WORK REQUEST:
Your reply should consist of the entries, copied exactly and stripped of images.

#####

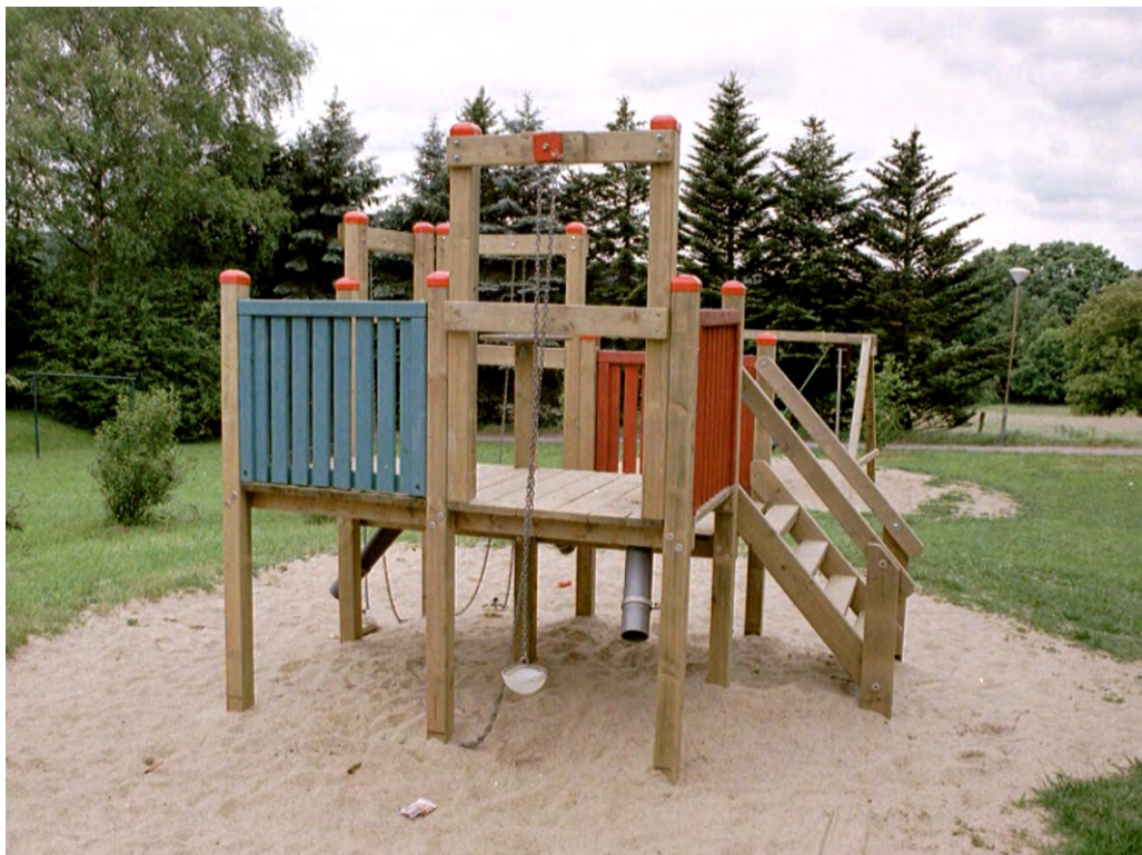
Abbildung: Sandspielanlage mit farbigen Seitenteilen, gegen Aufpreis
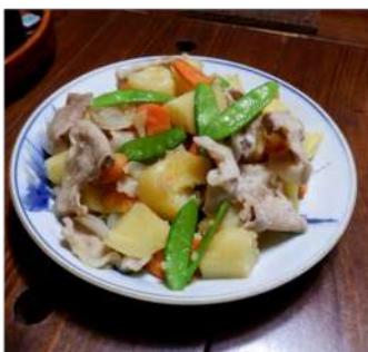
←06.16夕食に肉ジャガ、豚 肉・人参・絹サヤとホクホク ジャガイモのキタアカリ。
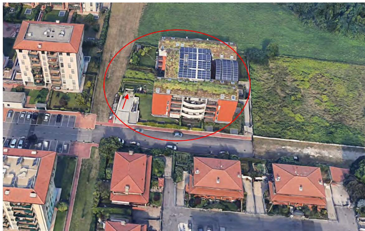
Inquadramento territoriale - vista dell'area e individuazione fabbricato e accesso carrabile
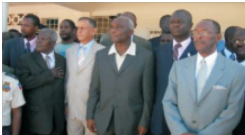
Le Premier Ministre Alexis entouré de quelques parlementaires et notables de la Grande-Anse.
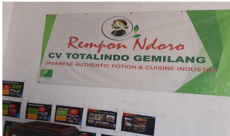
GAMBAR 2. SURVEI DI CV TOTALINDO GEMILANG.

Survei dan Analisa kebutuhan dilakukan dengan metode wawancara dengan Itur Yuliasdik, selaku pemilik dari CV Totalindo Gemilang. Itur menjelaskan detail mulai dari awal berdiri CV Totalindo Gemilang, hingga ujian ujian yang dihadapi dan berhasil survive sampai masih berdiri kokoh hingga saat ini.
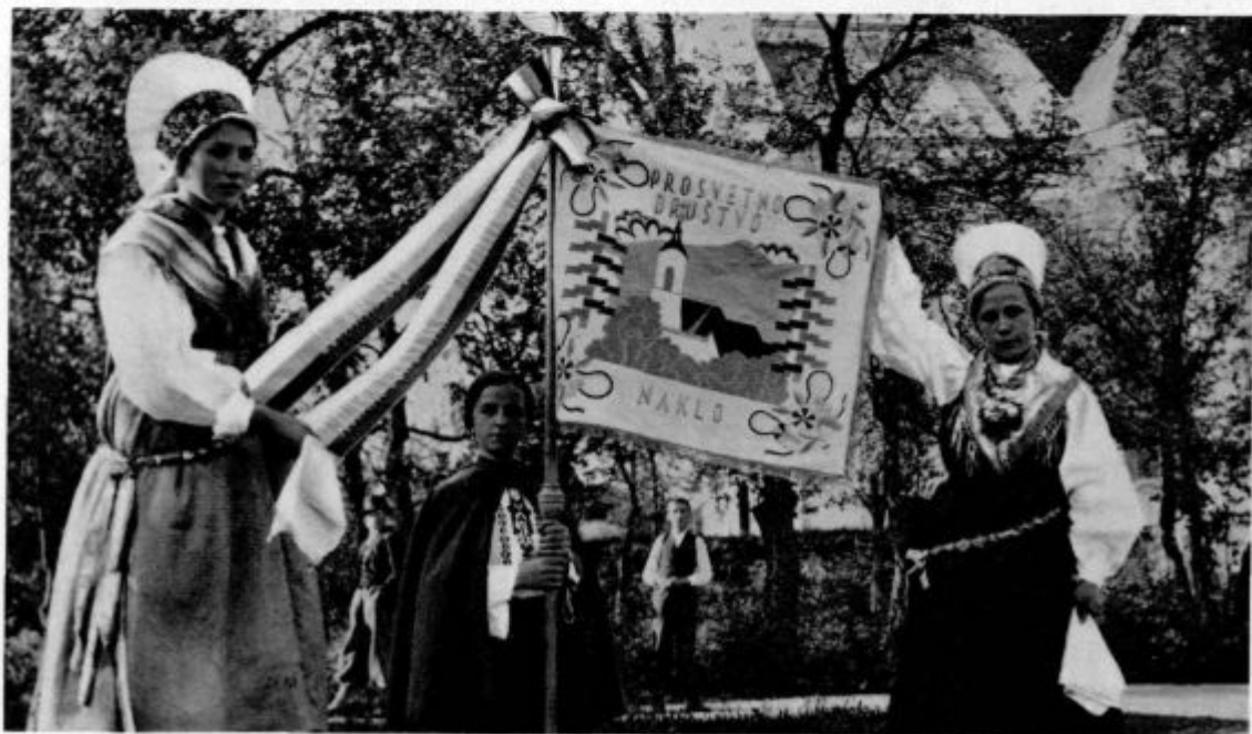
Novi prapor prosvetnega društva v Naklem

Tisti mali deček je z zavezanimi očmi in z golimi rokami stopil na oder. Zdaj je poglobil roko v posodo, izvlekel listek in ga iz-

#####

TASK RESPONSE:
Abbildung: Sandspielanlage mit farbigen Seitenteilen, gegen Aufpreis
←06.16夕食に肉ジャガ、豚 肉・人参・絹サヤとホクホク ジャガイモのキタアカリ。
Inquadramento territoriale - vista dell'area e individuazione fabbricato e accesso carrabile
Le Premier Ministre Alexis entouré de quelques parlementaires et notables de la Grande-Anse.
GAMBAR 2. SURVEI DI CV TOTALINDO GEMILANG.

Survei dan Analisa kebutuhan dilakukan dengan metode wawancara dengan Itur Yuliasdik, selaku pemilik dari CV Totalindo Gemilang. Itur menjelaskan detail mulai dari awal berdiri CV Totalindo Gemilang, hingga ujian ujian yang dihadapi dan berhasil survive sampai masih berdiri kokoh hingga saat ini.
Novi prapor prosvetnega društva v Naklem

Tisti mali deček je z zavezanimi očmi in z golimi rokami stopil na oder. Zdaj je poglobil roko v posodo, izvlekel listek in ga iz-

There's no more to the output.